What are the odds that immigration reform will pass? Opposition has already started to mobilize from, among others, Alabama Sen. Richard Shelby, who noted the other day, “We’ve seen this movie before — 27 years ago, remember?” Ed Kilgore comments:
Shelby, of course, is alluding to a “scandal” that most people outside conservative activist circles are at best dimly aware of: the 1986 immigration law that sold “amnesty” under the false flag of reform.
I guess this is true: most people who are neither conservative activists nor political junkies don’t really remember the 1986 immigration bill. But make no mistake: it’s profoundly driven the approach toward immigration reform from both left and right. Among tea partyish conservatives, the 1986 bill is universally considered one of the great betrayals of all time. They were promised tougher border security in return for a path to citizenship for undocumented immigrants, but in the end they got only a wave of newly legalized immigrants flooding into their towns and schools. The tougher border security was a mirage, discarded almost immediately, which naturally led to yet another new wave of Mexicans crossing the border illegally and yet another call for a path to citizenship for them. As far as conservatives are concerned, they were played for suckers in 1986, and they’re not going to fall for this con again.

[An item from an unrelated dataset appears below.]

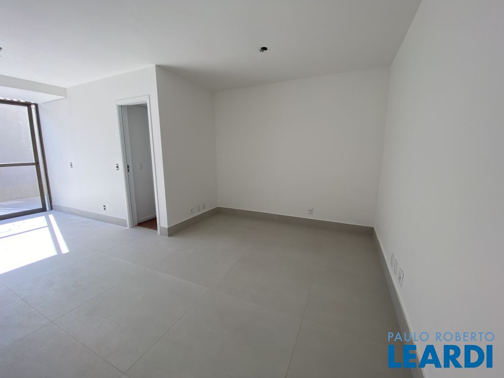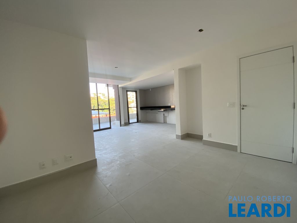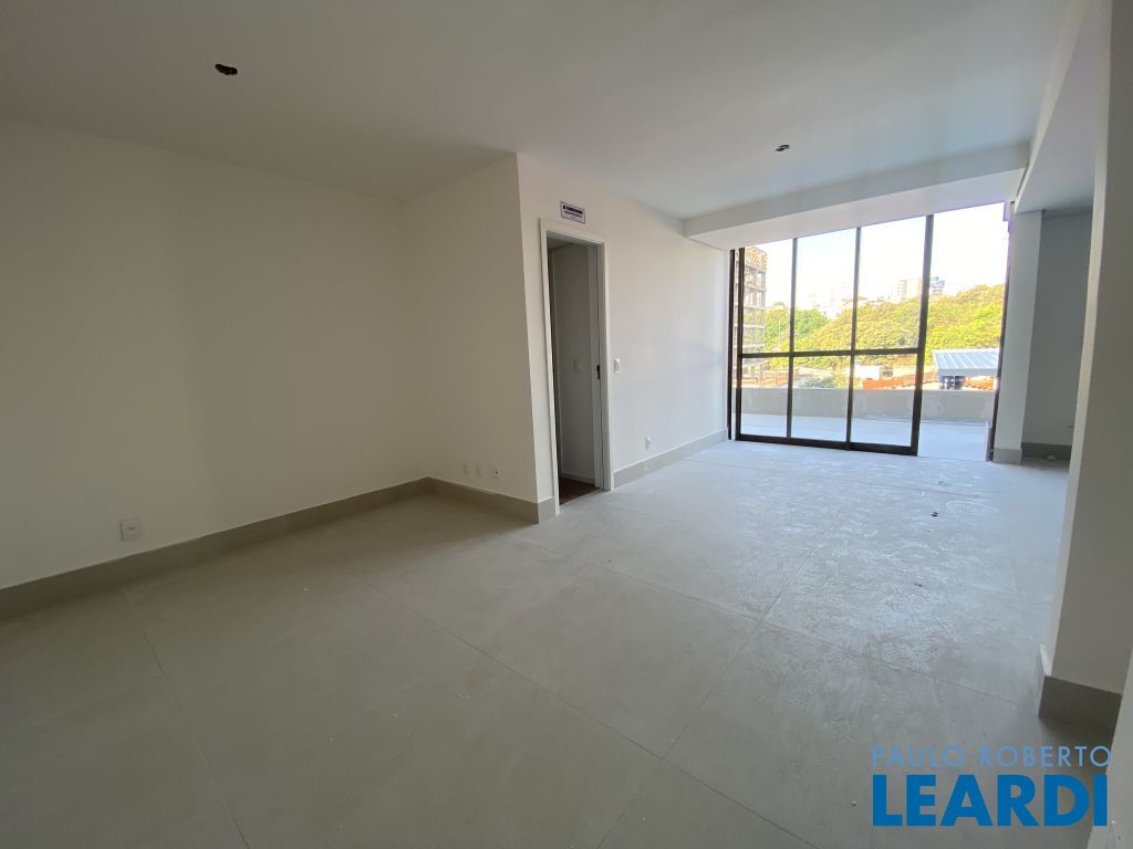 Sala ampla em conceito aberto, com integração à varanda e acesso direto à área externa;

President Obama has done his best to blunt this anger by spending his first term getting tough on undocumented immigrants. E-Verify has been ramped up; deportations have become harsher and more intensive; fences have been built; and funding for the border patrol has been increased. Liberals have been incensed with much of this, but the result—with a big assist from the recession—has been a sharp decline in illegal immigration over the past few years. Generally speaking, Obama’s entire strategy with immigration reform has revolved around proving that he doesn’t plan a rerun of 1986. This time, he’s saying, there really will be tougher border security and tougher employer checks to go along with the path to citizenship.
Will this work? Conservatives have not been notably willing to credit Obama with much good faith in the past, and even Marco Rubio can only do so much to change that. Nevertheless, this has been the plan all along, and now we get to see if it works. If Obama can convince enough conservatives that he’ll be tougher than Reagan on border security, then immigration reform has a chance. If not, it will probably fail.